▸ Your goal
Except for the pictures, write out all the records that follow exactly.

▸ Supplied entries
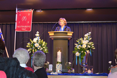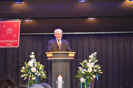 Grußworte und Glückwünsche überbrachten Pater Seitz, Pfarrer Weindl, Frau Hüttinger und Bürgermeister Kiechle. All den Grußworten war zu entnehmen, dass sich der Zweigverein Neutraubling einen Platz im kirchlichen und öffentlichen Leben geschaffen hat und dort auch wahrgenommen und anerkannt wird.
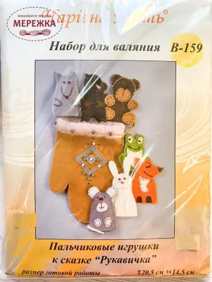 В комплекті все необхідне для пошиття пальчикових іграшок.
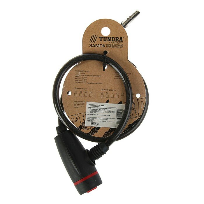 Замок велосипедный Tundra навесной, 8х650 мм, перфорированный ключ интересное:
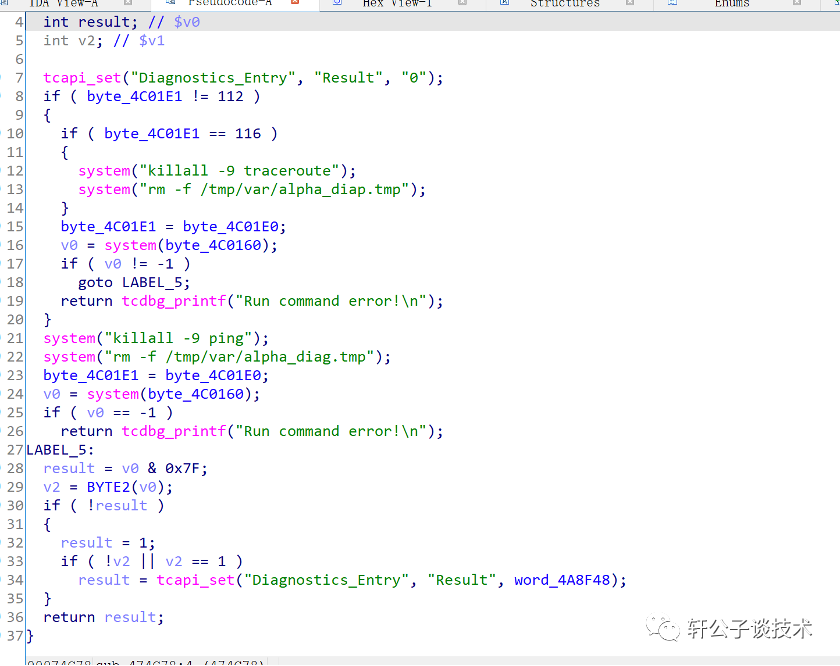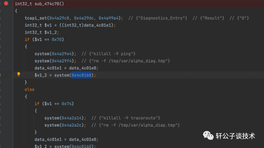 sub_474c78 中存在system函数,函数的数据是byte_4c0160带入,执行命令sub_474AC8函数中的byte_4c0160数据由v9传递,v9 由a1,a2控制a1 a2 由start_routine函数中tcapi_set语句控制参数再由前端Diagnostics.asp页面中产生的
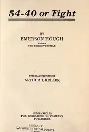 '54-40 or Fight' is the first book in a trilogy by Emerson Hough.[1] The next two books in the trilogy are Purchase Price and John Rawn. The title references the expansion of the United States that President James K. Polk called for. The expansion was to include Texas, California, and the Oregon territory. Since the northern boundary of Oregon was the latitude line of 54 degrees, 40 minutes, "fifty-four forty or fight!" became a popular slogan.[2] The book was dedicated to Theodore Roosevelt.[3] 54-40 or Fight was a financial success.[4]
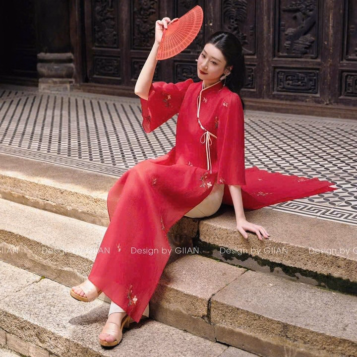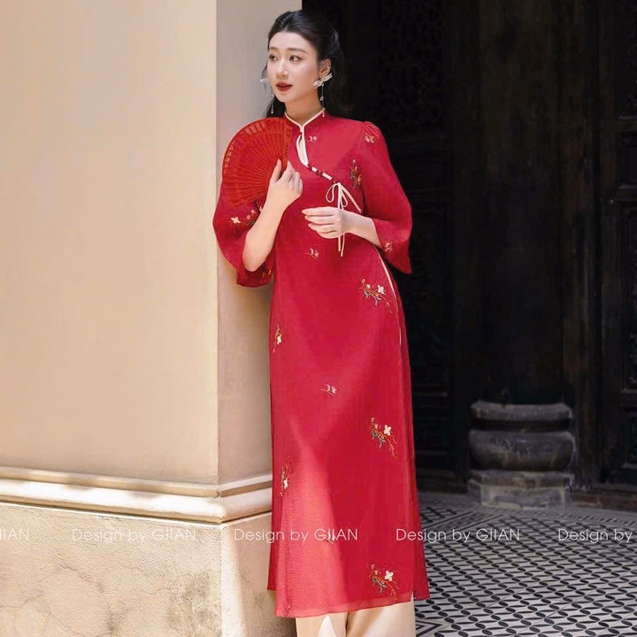 Set Bộ Áo Dài Cách Tân Tơ Xốp Thêu Hoa Phối Quần Latin Mht1370- Nana House
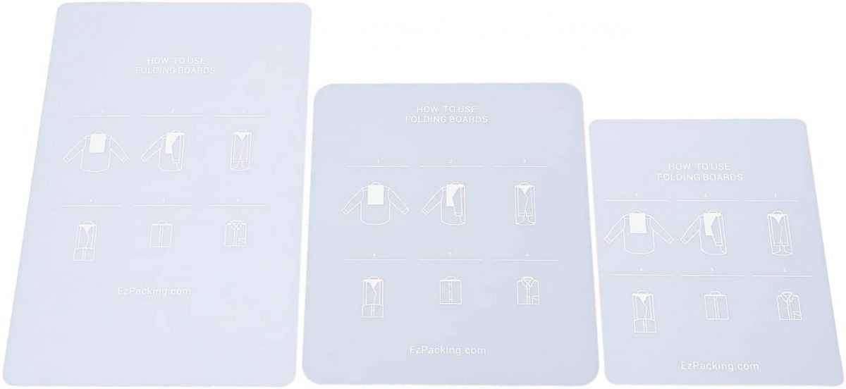 Here’s another shirt folding board for travel! The EzPacking Folding Board is a set of lightweight and compact plastic boards of different sizes. Each board weighs only 6 ounces, so you can bring them on your trip without adding extra baggage weight. You will also love how it has step-by-step folding instructions printed on the board. Use this to fold your clothes neatly before packing them in a bag.
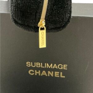 Chanel Sublimage set featuring a black pouch and towels with gold embroidery. Elegant and luxurious design.
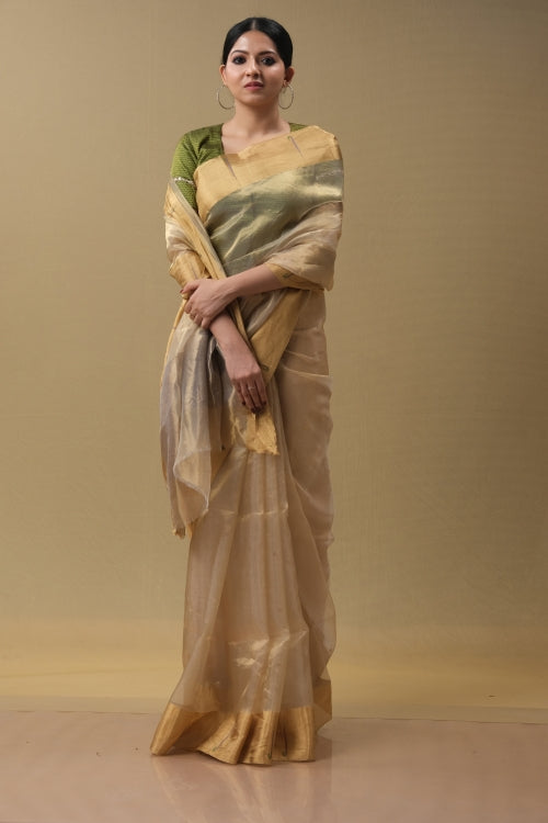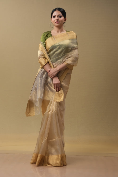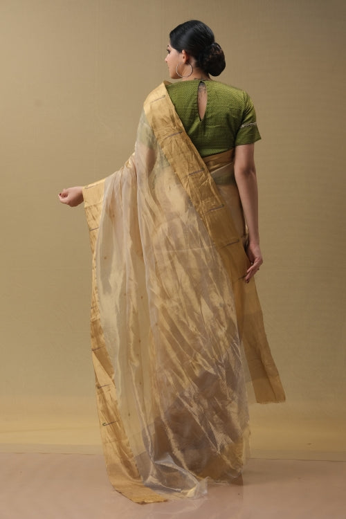 Experience refined elegance with this Golden Tissue Sari, a masterpiece of traditional craftsmanship. Woven from premium tissue fabric, this sari presents a luminous golden palette that exudes understated luxury and timeless appeal. The lightweight, breathable material drapes with effortless grace, offering both comfort and poise for formal occasions and celebrations.
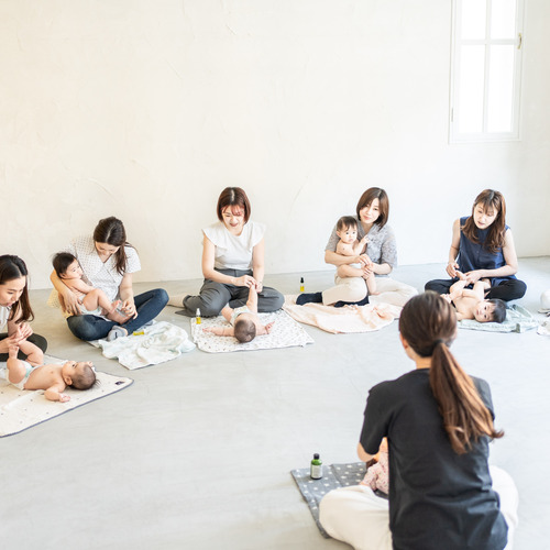 親子向けのベビーマッサージレッスンと、ベビーマッサージ講師を目指す方向けの資格取得講座を開催しています。
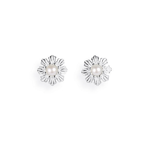Queen Lisbeth, kleine Blüten Ohrstecker aus Silber mit Süßwasserperle.
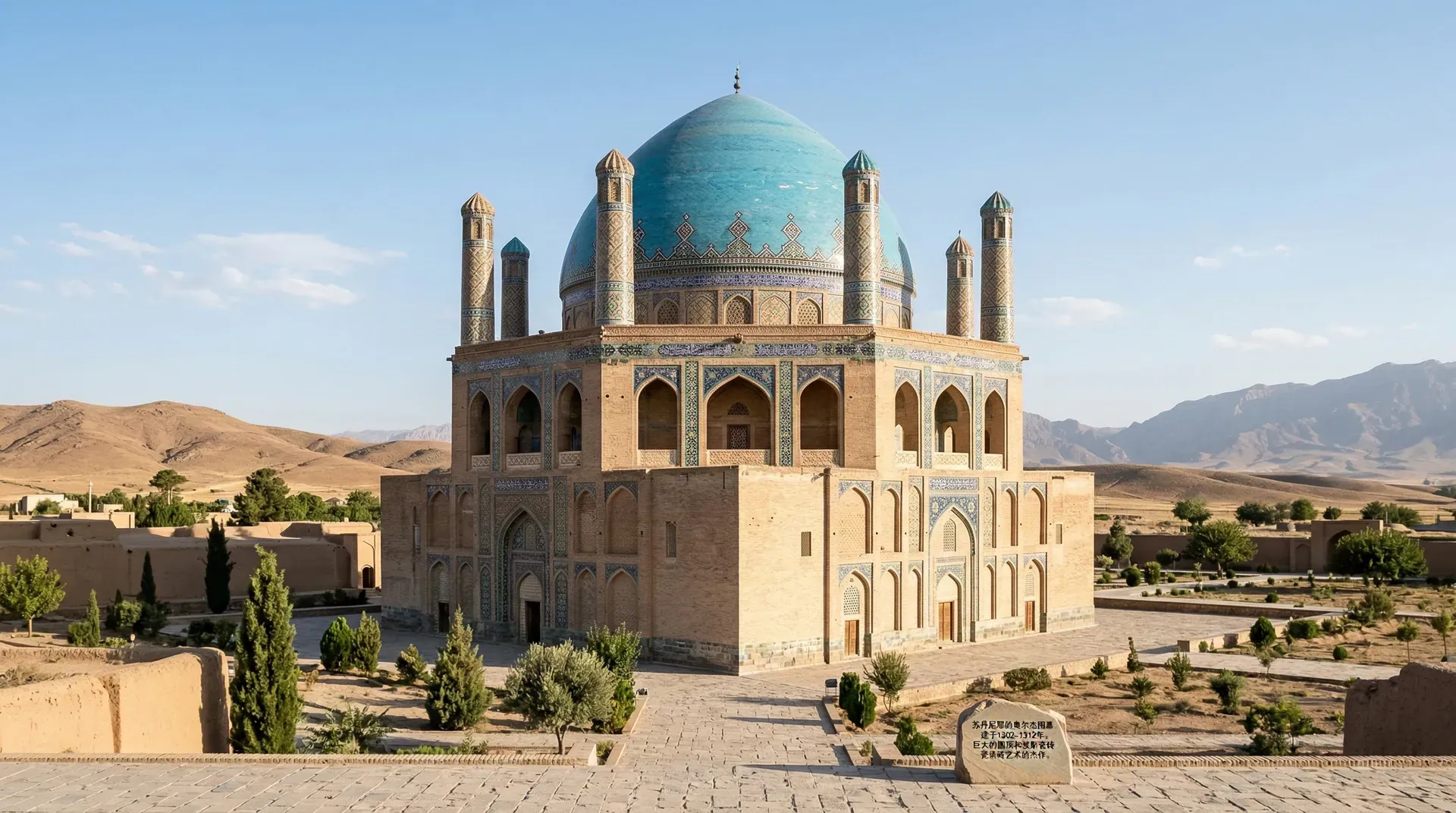 苏丹尼耶的奥尔杰图墓(14世纪)展现了波斯建筑的典型特征。这座八角形建筑高达50米,穹顶直径25米,外墙包裹着复杂的釉砖图案。墓室内部的穹顶装饰更为精彩,几何纹样、花卉图案和书法以不同的色彩层次铺展开来,光线透过高窗投射进来,整个空间笼罩在蓝绿色的梦幻氛围中。
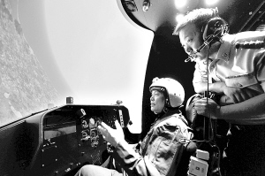 8月3日,空军航空医学研究所高工张信民(左)在新型空间定向障碍模拟器内演示反螺旋错觉。
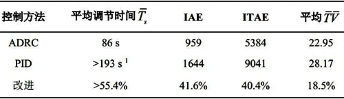 ADRC參數(shù)整定公式首先在多個仿真算例進行了驗證,包括延遲對象、非最小相位對象、震蕩環(huán)節(jié)的對象,甚至是100階的高階對象。之后被用于水箱水位控制的實驗中,最終被應用于實際運行的火電機組中,包括二次風、過熱汽溫等回路。圖3、圖4所示為循環(huán)流化床機組二次風回路的應用效果,表中為應用指標對比。實際使用該整定公式非常容易,初次計算的ADRC參數(shù)就可以保證投切后系統(tǒng)穩(wěn)定過渡,無震蕩發(fā)散,并且效果比PID的控制效果好很多。
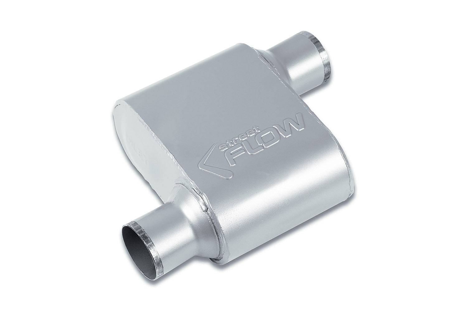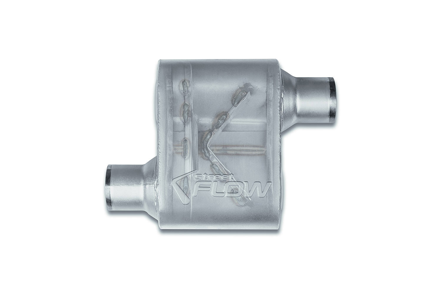 Street Flow, 1 Chamber Performance Muffler, Aggressive Tone, 16-Gauge Aluminized Steel, Premium Powder Coat Finish, 2.5" Offset In, 2.5" Offset Out, 3 Year Limited Warranty.
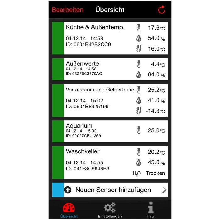 sonstiges: 90 Tage Mindestverfügbarkeit der Daten auf dem Server, Möglichkeiten zum Datenexport, Thermometer mit wasserdichtem Kabelfühler zur professionellen Temperatur-Überwachung von Kühlschränken, Aquarien, Teichen etc.
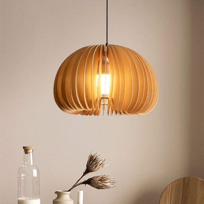 โคมไฟฟักทองไม้สไตล์นอร์ดิกย้อนยุค ดีไซน์สร้างสรรค์ สไตล์วบิซาบิ โคมไฟห้อยแบบญี่ปุ่น สำหรับร้านอาหาร ห้องนอน และโฮมสเตย์

▸ Answer section
 Grußworte und Glückwünsche überbrachten Pater Seitz, Pfarrer Weindl, Frau Hüttinger und Bürgermeister Kiechle. All den Grußworten war zu entnehmen, dass sich der Zweigverein Neutraubling einen Platz im kirchlichen und öffentlichen Leben geschaffen hat und dort auch wahrgenommen und anerkannt wird.
 В комплекті все необхідне для пошиття пальчикових іграшок.
 Замок велосипедный Tundra навесной, 8х650 мм, перфорированный ключ интересное:
 sub_474c78 中存在system函数,函数的数据是byte_4c0160带入,执行命令sub_474AC8函数中的byte_4c0160数据由v9传递,v9 由a1,a2控制a1 a2 由start_routine函数中tcapi_set语句控制参数再由前端Diagnostics.asp页面中产生的
 '54-40 or Fight' is the first book in a trilogy by Emerson Hough.[1] The next two books in the trilogy are Purchase Price and John Rawn. The title references the expansion of the United States that President James K. Polk called for. The expansion was to include Texas, California, and the Oregon territory. Since the northern boundary of Oregon was the latitude line of 54 degrees, 40 minutes, "fifty-four forty or fight!" became a popular slogan.[2] The book was dedicated to Theodore Roosevelt.[3] 54-40 or Fight was a financial success.[4]
 Set Bộ Áo Dài Cách Tân Tơ Xốp Thêu Hoa Phối Quần Latin Mht1370- Nana House
 Here’s another shirt folding board for travel! The EzPacking Folding Board is a set of lightweight and compact plastic boards of different sizes. Each board weighs only 6 ounces, so you can bring them on your trip without adding extra baggage weight. You will also love how it has step-by-step folding instructions printed on the board. Use this to fold your clothes neatly before packing them in a bag.
 Chanel Sublimage set featuring a black pouch and towels with gold embroidery. Elegant and luxurious design.
 Experience refined elegance with this Golden Tissue Sari, a masterpiece of traditional craftsmanship. Woven from premium tissue fabric, this sari presents a luminous golden palette that exudes understated luxury and timeless appeal. The lightweight, breathable material drapes with effortless grace, offering both comfort and poise for formal occasions and celebrations.
 親子向けのベビーマッサージレッスンと、ベビーマッサージ講師を目指す方向けの資格取得講座を開催しています。
Queen Lisbeth, kleine Blüten Ohrstecker aus Silber mit Süßwasserperle.
 苏丹尼耶的奥尔杰图墓(14世纪)展现了波斯建筑的典型特征。这座八角形建筑高达50米,穹顶直径25米,外墙包裹着复杂的釉砖图案。墓室内部的穹顶装饰更为精彩,几何纹样、花卉图案和书法以不同的色彩层次铺展开来,光线透过高窗投射进来,整个空间笼罩在蓝绿色的梦幻氛围中。
 8月3日,空军航空医学研究所高工张信民(左)在新型空间定向障碍模拟器内演示反螺旋错觉。
 ADRC參數(shù)整定公式首先在多個仿真算例進行了驗證,包括延遲對象、非最小相位對象、震蕩環(huán)節(jié)的對象,甚至是100階的高階對象。之后被用于水箱水位控制的實驗中,最終被應用于實際運行的火電機組中,包括二次風、過熱汽溫等回路。圖3、圖4所示為循環(huán)流化床機組二次風回路的應用效果,表中為應用指標對比。實際使用該整定公式非常容易,初次計算的ADRC參數(shù)就可以保證投切后系統(tǒng)穩(wěn)定過渡,無震蕩發(fā)散,并且效果比PID的控制效果好很多。
 Street Flow, 1 Chamber Performance Muffler, Aggressive Tone, 16-Gauge Aluminized Steel, Premium Powder Coat Finish, 2.5" Offset In, 2.5" Offset Out, 3 Year Limited Warranty.
 sonstiges: 90 Tage Mindestverfügbarkeit der Daten auf dem Server, Möglichkeiten zum Datenexport, Thermometer mit wasserdichtem Kabelfühler zur professionellen Temperatur-Überwachung von Kühlschränken, Aquarien, Teichen etc.
 โคมไฟฟักทองไม้สไตล์นอร์ดิกย้อนยุค ดีไซน์สร้างสรรค์ สไตล์วบิซาบิ โคมไฟห้อยแบบญี่ปุ่น สำหรับร้านอาหาร ห้องนอน และโฮมสเตย์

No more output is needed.